** RECORDS SHOWN follows **
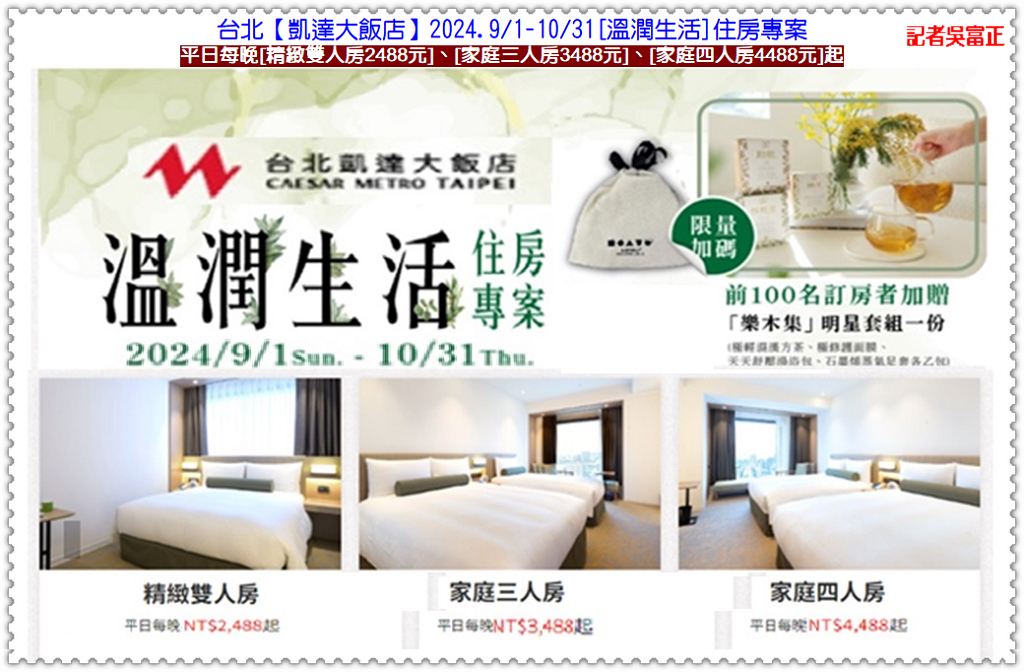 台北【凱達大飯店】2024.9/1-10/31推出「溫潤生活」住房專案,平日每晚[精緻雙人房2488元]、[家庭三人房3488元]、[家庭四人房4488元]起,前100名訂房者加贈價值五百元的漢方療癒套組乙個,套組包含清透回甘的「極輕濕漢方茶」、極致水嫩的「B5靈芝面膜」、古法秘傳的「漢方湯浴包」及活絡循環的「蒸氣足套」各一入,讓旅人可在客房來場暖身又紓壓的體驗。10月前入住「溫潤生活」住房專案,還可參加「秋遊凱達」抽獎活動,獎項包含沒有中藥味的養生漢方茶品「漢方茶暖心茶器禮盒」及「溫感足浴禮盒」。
** End of RECORDS SHOWN **
** RECORDS SHOWN follows **
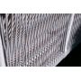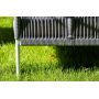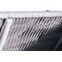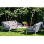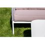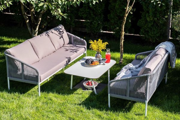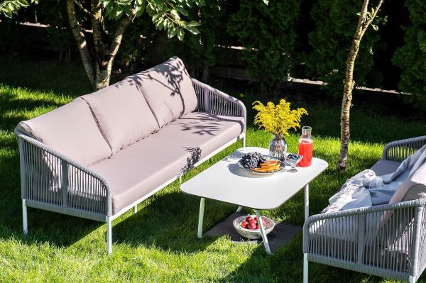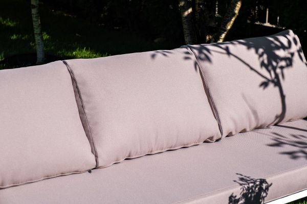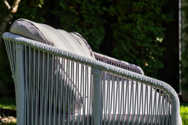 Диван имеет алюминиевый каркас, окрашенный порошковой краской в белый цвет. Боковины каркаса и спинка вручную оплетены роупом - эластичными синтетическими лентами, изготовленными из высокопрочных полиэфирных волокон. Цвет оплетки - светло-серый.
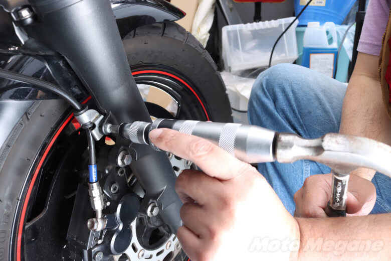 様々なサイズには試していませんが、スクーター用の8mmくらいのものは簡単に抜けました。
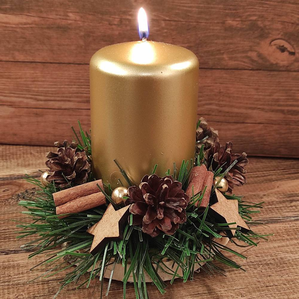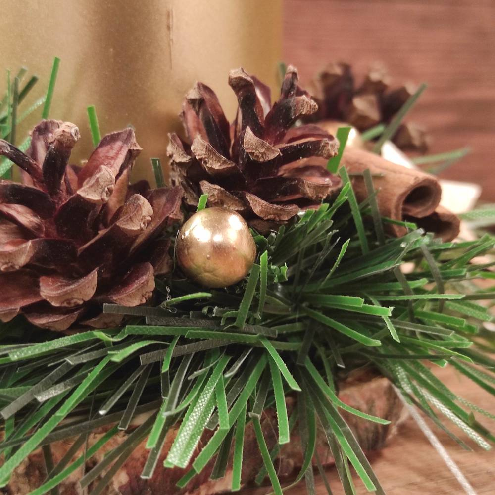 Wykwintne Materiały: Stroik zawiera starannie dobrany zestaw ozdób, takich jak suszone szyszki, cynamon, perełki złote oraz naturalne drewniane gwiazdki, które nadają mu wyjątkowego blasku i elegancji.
** End of RECORDS SHOWN **
#### [WORK TO BE COMPLETED]
Nothing but the lines above, starting at the line that contains "Диван имеет алюминиевый" and ending at the line that contains "Wykwintne Materiały: Stroik", should be given again, exactly and without the pictures.

#### [EXERCISE OUTPUT]
 Диван имеет алюминиевый каркас, окрашенный порошковой краской в белый цвет. Боковины каркаса и спинка вручную оплетены роупом - эластичными синтетическими лентами, изготовленными из высокопрочных полиэфирных волокон. Цвет оплетки - светло-серый.
 様々なサイズには試していませんが、スクーター用の8mmくらいのものは簡単に抜けました。
 Wykwintne Materiały: Stroik zawiera starannie dobrany zestaw ozdób, takich jak suszone szyszki, cynamon, perełki złote oraz naturalne drewniane gwiazdki, które nadają mu wyjątkowego blasku i elegancji.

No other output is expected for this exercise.